Elizabeth May Green Saanich—Gulf Islands, BC

Thank you, Mr. Chair.

This is on the same topic, and I'm glad we've brushed the surface of it. It is really a commendable aspect of Bill C-22 that sees the recognition that non-use values are explicitly identified as a new category of damages, and that if you have damage in a non-use value, you are, under proposed section 26 of the act, opening up the environmental or natural resources damages that affect something that's categorized as a non-use value, such that they are now open to compensation.

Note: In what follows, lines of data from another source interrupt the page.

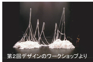
第2回デザインのワークショップより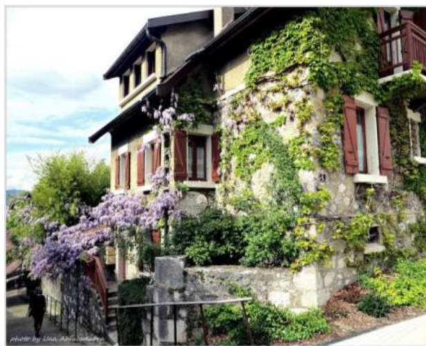
←前往安納西城堡途中 這個美麗的民宿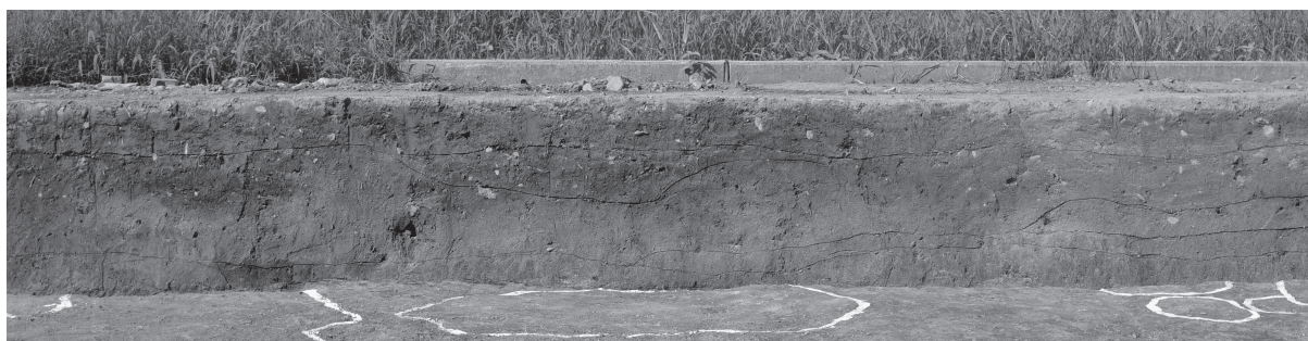
3 同北壁土層断面（北西から順に③）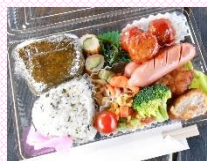
ほっと cafe のお弁当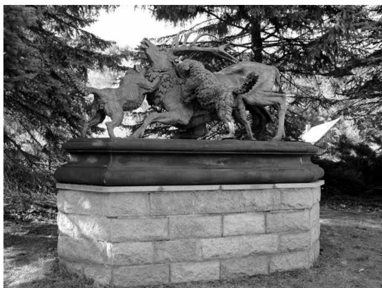
Forma żeliwna „Pokonany jeleń” w Magdesprung.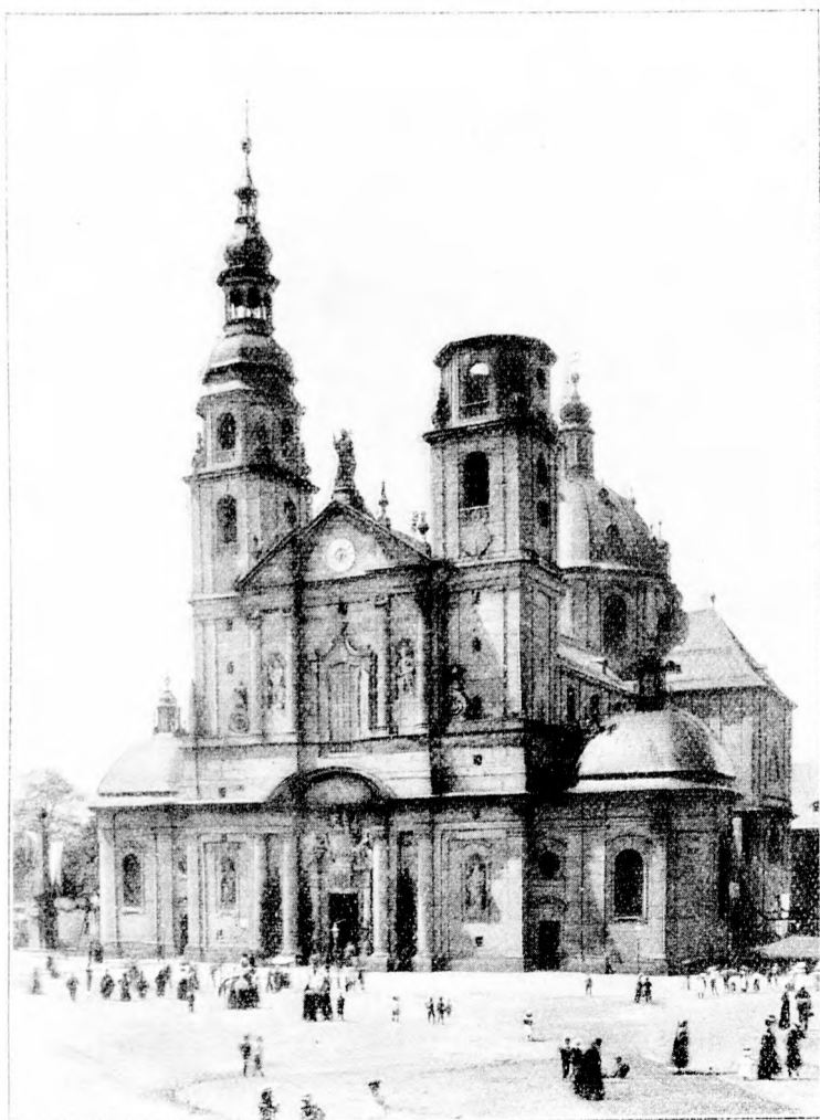
Der Dom in Jula nach dem Darmbrand. (Mit Text.)

„Beate — ich,“ ächzte er. „Was hast du, Hans?“ fragte sie liebevoll. „Nichts — nichts — Beate...“ „Aber du bist so eigentümlich!“ sagte sie besorgt. „Mir ist nichts, Beate! Aber sage mir,“ und er zog sie leidenschaftlich an sich und sah ihr tief in die Augen, „sage mir, glaubst du wirklich, daß ich nicht schlecht bin?“ „Glaubte ich etwas anderes, Hans, so würde ich nicht mit dir hier.“ Da wurde seine Stimme weich; bittend wie ein Kind sah er sie an und flüsterte: „Glaube an mich, Beate!“ „Ich glaube an dich, Hans!“ Und still ward's, und ein Kuß besiegelte das Gelöbniß. Wählich hörte man eine Glocke in einiger Entfernung. Beate wagte sich los. „Es ist die Tischglocke aus Kloster Heidhaus!“ sagte sie. „Ich muß zu Tisch!“ „Ich komme am Nachmittag zu euch,“ entgegnete Hans Joachim. „Bis dahin lebe wohl, du einzige Geliebte!“

The gap here—and my amendment seeks to address this gap, just as the previous NDP effort did—is that while recognizing that damage to a non-use value is open to compensation within Bill C-22, there is no parallelism in the regulation-making powers to ensure that there can be a consequential implementation of that non-use value. For instance, we definitely need to know about baseline ecological information and inherent difficulty in assigning monetary values to environmental values. Without having that information, it's very hard to know how the spirit of the law would translate practically in saying that we can recognize non-use values as opening up a door to compensation following damage. If you don't have any way of evaluating that, of finding a way to monetize that, then it becomes a fairly ineffective protection of “non-use value”.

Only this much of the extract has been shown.